| Exercise details |
Make an exact copy of the listing below. Pictures stay out of it.
** Opening Given information block **
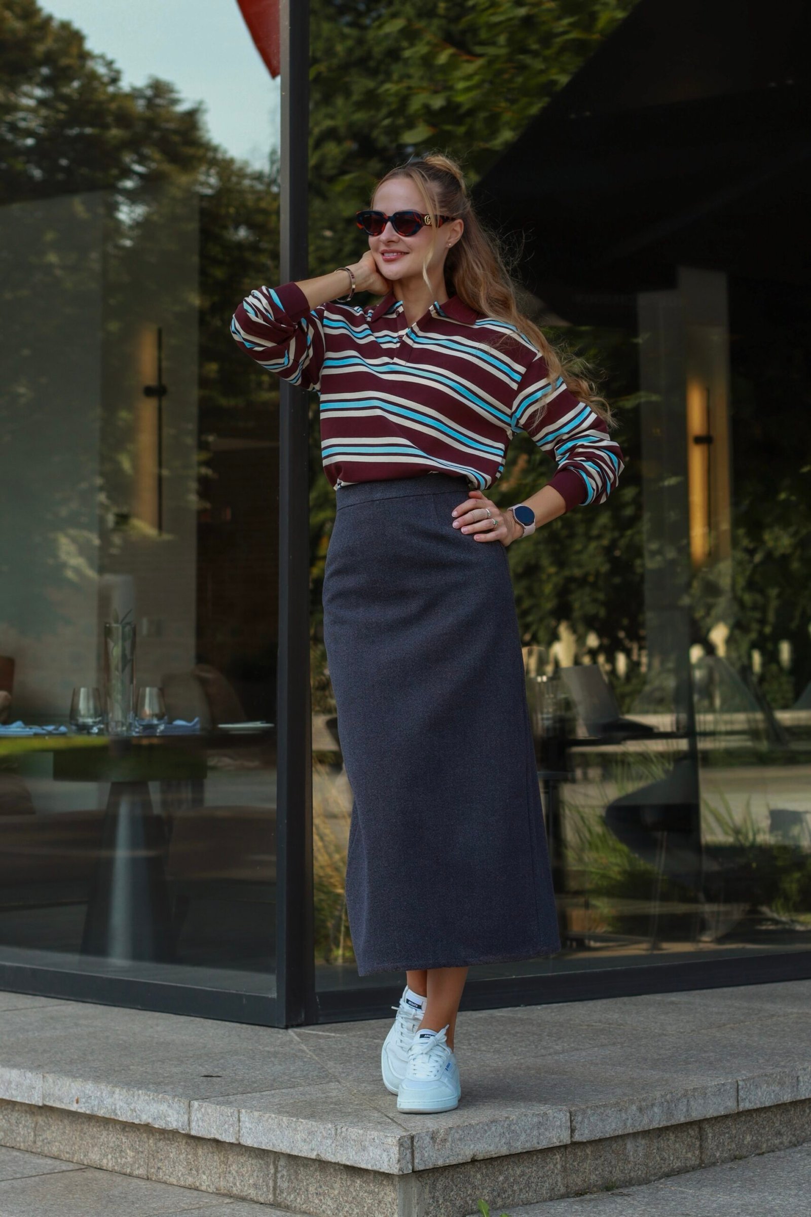 Šis sijonas taps nepakeičiama garderobo dalimi, nes gali būti lengvai derinamas tiek su aukštakulniais, tiek su sportiniais bateliais.
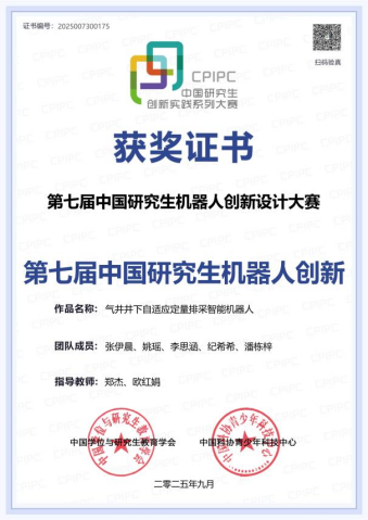 9月26日至29日,第七屆中國研究生機(jī)器人創(chuàng)新設(shè)計(jì)大賽全國總決賽在山東省濟(jì)南市融創(chuàng)國際會(huì)議中心隆重舉辦。本屆大賽報(bào)名啟動(dòng)以來,全國224家培養(yǎng)單位的1545支隊(duì)伍參賽,較去年增加330余支。為保證大賽評(píng)審工作公平公正,大賽組委會(huì)邀請(qǐng)70家單位159位專家擔(dān)任初賽評(píng)委。8月27日大賽初賽評(píng)審?fù)瓿?,最終來自104家培養(yǎng)單位的325支隊(duì)伍入圍決賽。我校機(jī)械工程學(xué)院“氣井井下自適應(yīng)定量排采智能機(jī)器人”作品獲得全國三等獎(jiǎng),團(tuán)隊(duì)成員有張伊晨、姚瑤、李思涵、紀(jì)希希、潘棟梓,鄭杰、歐紅娟任指導(dǎo)教師。
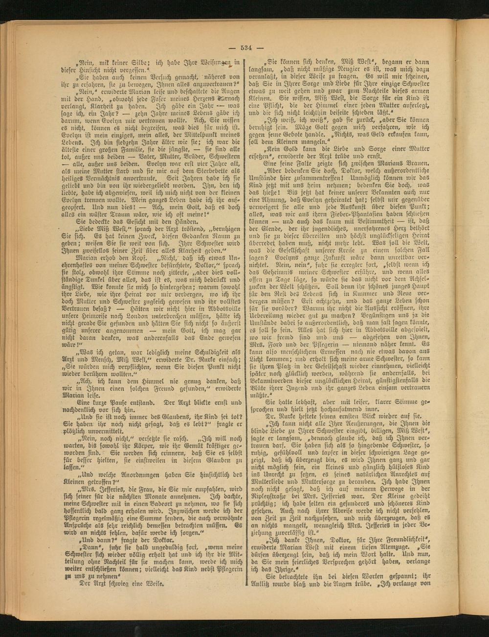 „Liebe Miß West," sprach der Arzt tröstend, „beruhigen Sie sich. Es hat keinen Zweck, diesen Gedanken Raum zu geben; weisen Sie sie weit von sich. Ihre Schwester wird Ihnen zweifellos seiner Zeit über alles Klarheit geben."
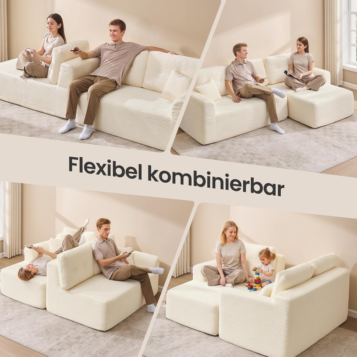 Gebruik de bank als rechte bank, hoekbank of slaapbank – de modulaire elementen maken elke opstelling mogelijk. Perfect voor filmavonden, logees of gezellige momenten met familie.
** Closing Given information block **
| Expected output |
 Šis sijonas taps nepakeičiama garderobo dalimi, nes gali būti lengvai derinamas tiek su aukštakulniais, tiek su sportiniais bateliais.
 9月26日至29日,第七屆中國研究生機(jī)器人創(chuàng)新設(shè)計(jì)大賽全國總決賽在山東省濟(jì)南市融創(chuàng)國際會(huì)議中心隆重舉辦。本屆大賽報(bào)名啟動(dòng)以來,全國224家培養(yǎng)單位的1545支隊(duì)伍參賽,較去年增加330余支。為保證大賽評(píng)審工作公平公正,大賽組委會(huì)邀請(qǐng)70家單位159位專家擔(dān)任初賽評(píng)委。8月27日大賽初賽評(píng)審?fù)瓿?,最終來自104家培養(yǎng)單位的325支隊(duì)伍入圍決賽。我校機(jī)械工程學(xué)院“氣井井下自適應(yīng)定量排采智能機(jī)器人”作品獲得全國三等獎(jiǎng),團(tuán)隊(duì)成員有張伊晨、姚瑤、李思涵、紀(jì)希希、潘棟梓,鄭杰、歐紅娟任指導(dǎo)教師。
 „Liebe Miß West," sprach der Arzt tröstend, „beruhigen Sie sich. Es hat keinen Zweck, diesen Gedanken Raum zu geben; weisen Sie sie weit von sich. Ihre Schwester wird Ihnen zweifellos seiner Zeit über alles Klarheit geben."
 Gebruik de bank als rechte bank, hoekbank of slaapbank – de modulaire elementen maken elke opstelling mogelijk. Perfect voor filmavonden, logees of gezellige momenten met familie.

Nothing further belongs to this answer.